_Task_. If pictures appear among the lines below, leave them out while you return exactly the lines from the one with "Vintage garlic keeper, vented, unglazed" through the one with "Taşlı Montür Mozanit Markiz Küpe".

(Collected data entries)
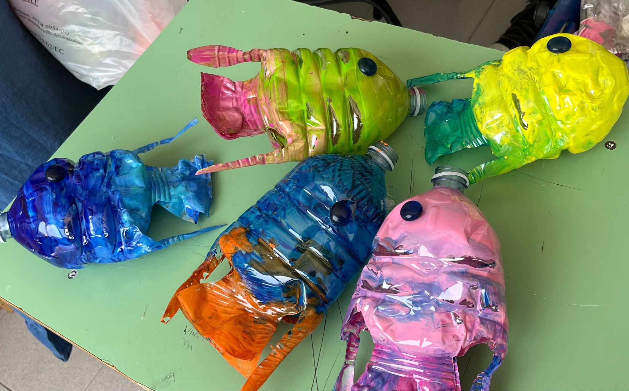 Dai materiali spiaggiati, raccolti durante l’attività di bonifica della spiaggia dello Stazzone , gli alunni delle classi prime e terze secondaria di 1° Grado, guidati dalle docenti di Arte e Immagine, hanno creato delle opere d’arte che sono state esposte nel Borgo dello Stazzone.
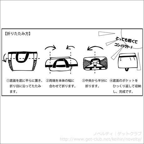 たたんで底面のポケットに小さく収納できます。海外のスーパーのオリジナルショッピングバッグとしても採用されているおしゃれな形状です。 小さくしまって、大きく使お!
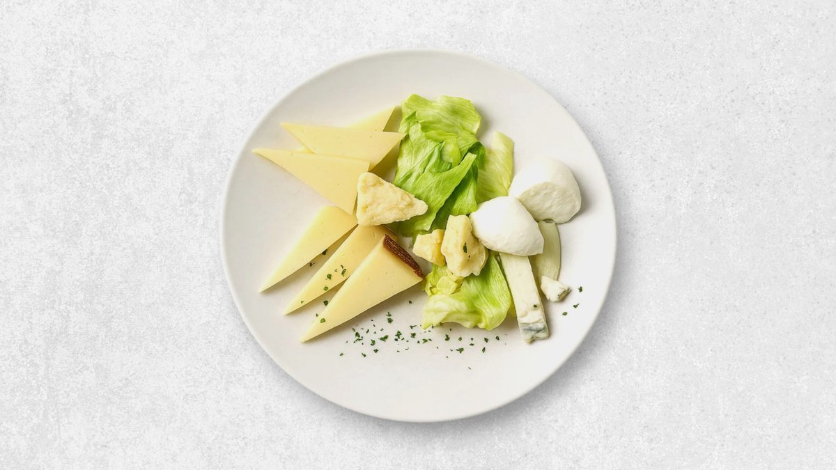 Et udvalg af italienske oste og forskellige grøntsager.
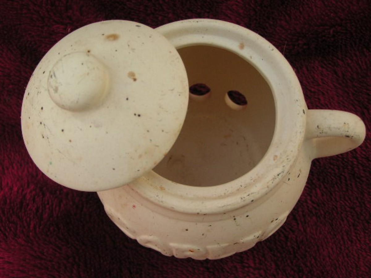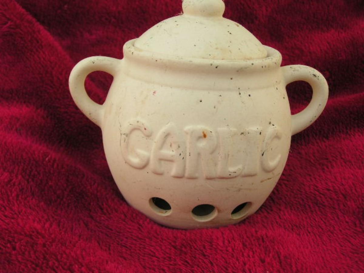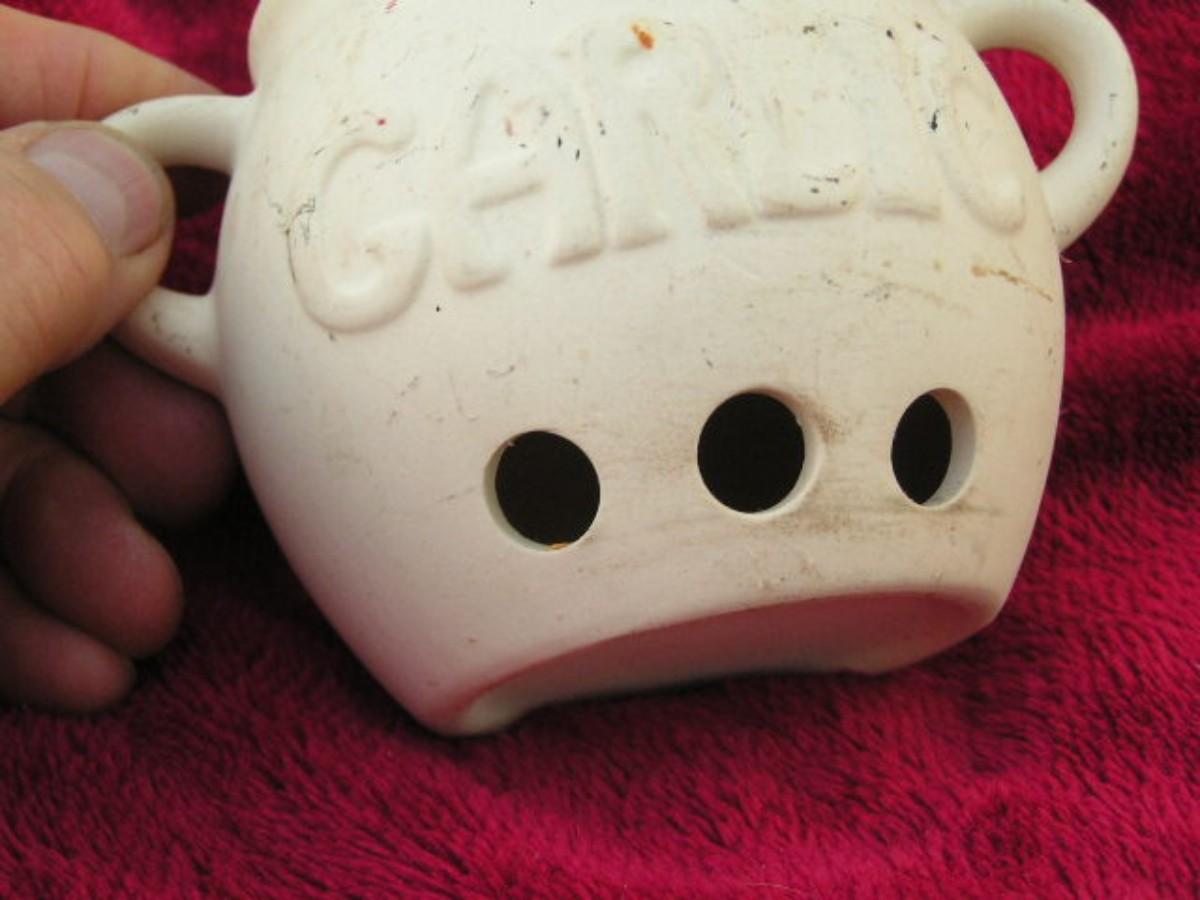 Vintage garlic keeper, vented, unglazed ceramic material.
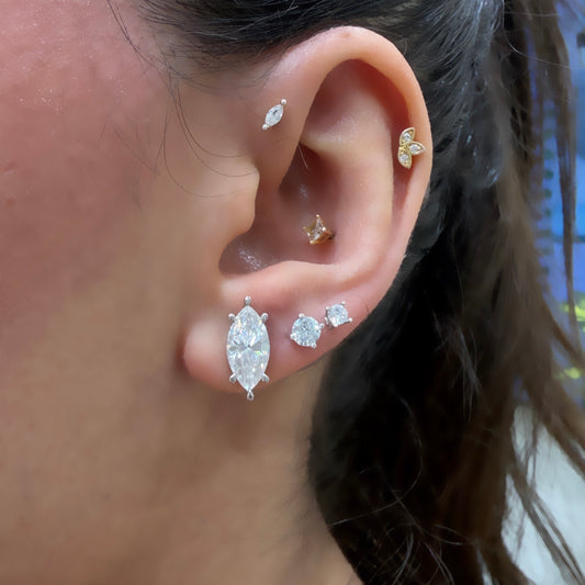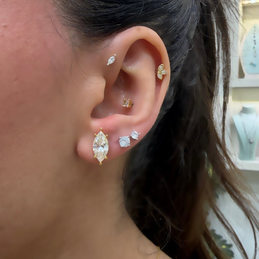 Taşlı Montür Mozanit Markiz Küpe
---
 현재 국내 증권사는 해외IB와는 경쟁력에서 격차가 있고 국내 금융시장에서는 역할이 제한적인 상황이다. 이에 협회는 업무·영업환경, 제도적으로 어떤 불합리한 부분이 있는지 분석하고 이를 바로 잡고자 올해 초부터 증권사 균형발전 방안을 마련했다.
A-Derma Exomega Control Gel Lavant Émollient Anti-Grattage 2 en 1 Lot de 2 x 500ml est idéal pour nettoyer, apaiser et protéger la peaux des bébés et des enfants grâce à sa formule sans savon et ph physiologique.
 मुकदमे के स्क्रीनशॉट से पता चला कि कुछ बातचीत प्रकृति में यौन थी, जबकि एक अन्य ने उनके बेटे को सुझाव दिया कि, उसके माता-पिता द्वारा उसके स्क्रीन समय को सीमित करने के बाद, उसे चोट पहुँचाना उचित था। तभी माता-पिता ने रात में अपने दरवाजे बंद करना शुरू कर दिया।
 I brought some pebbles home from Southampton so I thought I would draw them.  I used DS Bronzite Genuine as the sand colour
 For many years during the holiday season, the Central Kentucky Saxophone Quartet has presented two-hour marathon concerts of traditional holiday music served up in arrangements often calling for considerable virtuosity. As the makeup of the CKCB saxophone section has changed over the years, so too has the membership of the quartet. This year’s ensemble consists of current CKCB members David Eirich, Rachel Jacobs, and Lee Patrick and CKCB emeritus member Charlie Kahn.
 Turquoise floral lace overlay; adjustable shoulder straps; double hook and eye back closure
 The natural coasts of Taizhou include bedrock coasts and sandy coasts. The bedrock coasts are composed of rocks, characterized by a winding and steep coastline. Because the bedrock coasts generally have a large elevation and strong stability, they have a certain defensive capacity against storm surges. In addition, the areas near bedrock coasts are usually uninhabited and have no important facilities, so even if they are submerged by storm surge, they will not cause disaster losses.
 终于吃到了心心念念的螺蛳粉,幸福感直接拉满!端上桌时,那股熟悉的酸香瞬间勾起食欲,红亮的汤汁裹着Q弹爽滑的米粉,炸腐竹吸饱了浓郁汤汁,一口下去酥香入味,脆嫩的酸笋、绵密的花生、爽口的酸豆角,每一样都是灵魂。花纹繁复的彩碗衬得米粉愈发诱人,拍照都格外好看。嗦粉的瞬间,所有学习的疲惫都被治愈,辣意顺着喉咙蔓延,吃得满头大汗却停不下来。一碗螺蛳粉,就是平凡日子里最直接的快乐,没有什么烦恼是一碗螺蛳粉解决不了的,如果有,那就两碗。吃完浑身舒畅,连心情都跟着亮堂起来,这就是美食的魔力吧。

_Solution to the problem_.
 Vintage garlic keeper, vented, unglazed ceramic material.
 Taşlı Montür Mozanit Markiz Küpe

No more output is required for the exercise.